Our final inspiration was based on the paradigm used by WhatsApp; where user's send short video or audio messages to each other. This paradigm is already popular in many of the countries covered by Compassion's host organizations.
What it does
Our final solution receives text and video SMS/MMS messages from a user (either Sponsor or Sponsored child) to an anonymized phone number (which can be shared in a many-to-many relationship), translates these messages between the user and target's native languages, and then sends the target a series of messages with content based on the original input. For cases where a video is sent, then two messages are received by the target; the first is the original video, the second is a Polly voice audio file with a translated version of the audio from the video. In the case
How we built it
We used Twilio for the input and output endpoints for text messages, which allows for anonymous sourcing for both parties. For the processing, Twilio calls the AWS API Gateway, which in turn calls a Lambda function to upload the SMS/MMS contents to an S3 bucket. A Lambda triggers on upload to the S3 bucket, resulting in the AWS Transcribe service being called. This causes a new text document to be uploaded into a staging bucket, which is in turn translated utilizing AWS Translate. The translated text is insert into a DynamoDB table, flagged for moderation if required based on keyword analysis. The translated text is then sent to AWS Polly for creation of the associated audio files.
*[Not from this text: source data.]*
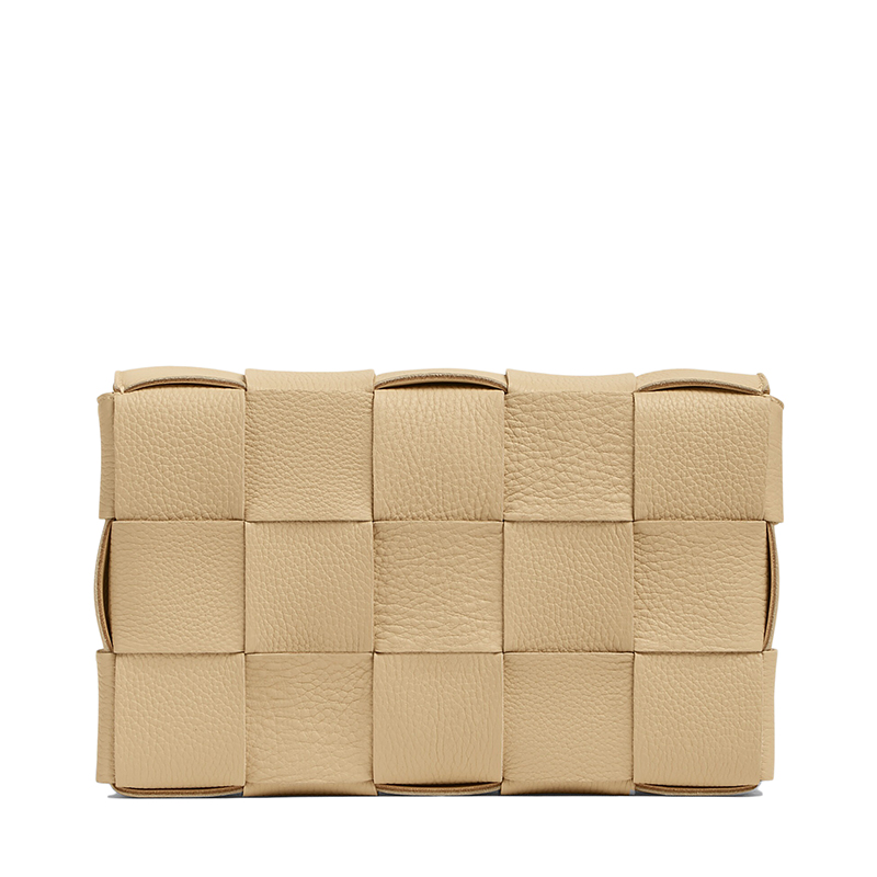 【包税】Bottega Veneta/葆蝶家 22春夏新款CASSETTE系列 女士燕麦色小牛皮双面Intreccio编织单肩斜挎豆腐包666870V17H19776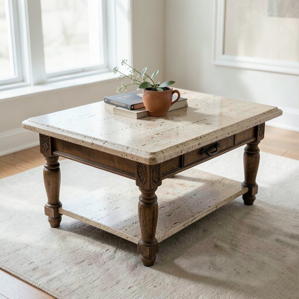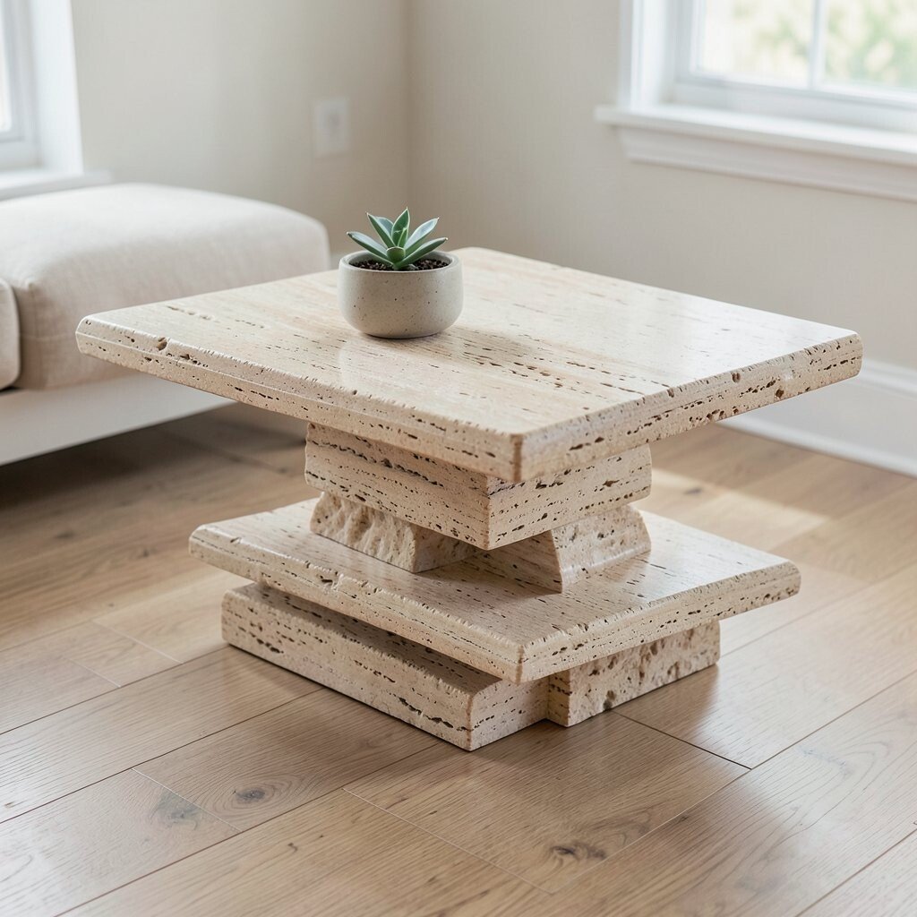 Travertine tables with multifunctional designs are practical and stylish. They often feature hidden storage or convertible tops.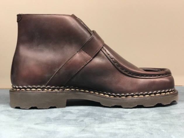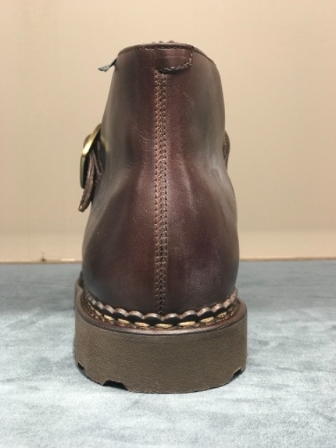 伝統的なチロリアンシューズのモデルで有名なMICHAEL(ミカエル)と同じ木型を使い、ストラップブーツにした別注モデルです。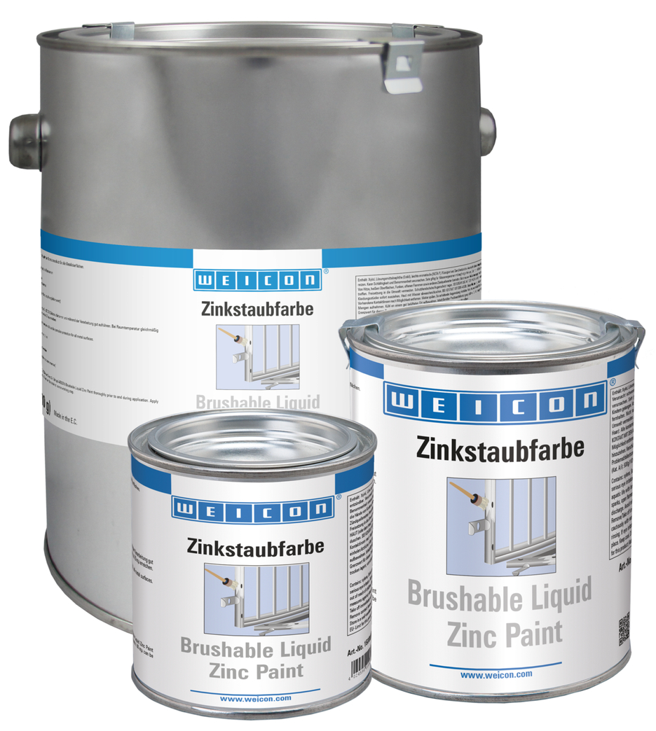 WEICON Brushable Zinc Paint zapewnia aktywną i trwałą ochronę antykorozyjną wszystkich powierzchni metalowych. Brushable Zinc Paint wykorzystuje sferyczne pigmenty metalowe o wysokiej koncentracji i czystości. Wysoka zawartość cynku w powłoce zapewnia właściwą ochronę katodową. W przypadku uszkodzenia powłoki cynk, reagując z wilgocią, formuje warstwę tlenku cynku, która w dalszym ciągu chroni materiał bazowy przed korozją.

Lambda is then used to tell Twilio to send an SMS/MMS to the target user with the associated audio files and original video.
Challenges we ran into
With the original approach, latency...latency and more latency.
With the updated approach, the main issues were with validating the input and output formats were compatible with Twilio's MMS support.
Accomplishments that we are proud of
What we learned
Twilio's API, Serverless NodeJS, Polly, Translate, Kinesis Video Streams, Transcribe
What's next for Project Mind Stone
- Extend moderation application to include mapping of sponsor child to a given phone number ** Requires data from Compassion; need max count of sponsored children by sponsor
- Extend moderation application to ‘login child’ at host location to particular device
- Queue offline message until child is assigned temporary device
- Screen video messages for explicit content both directions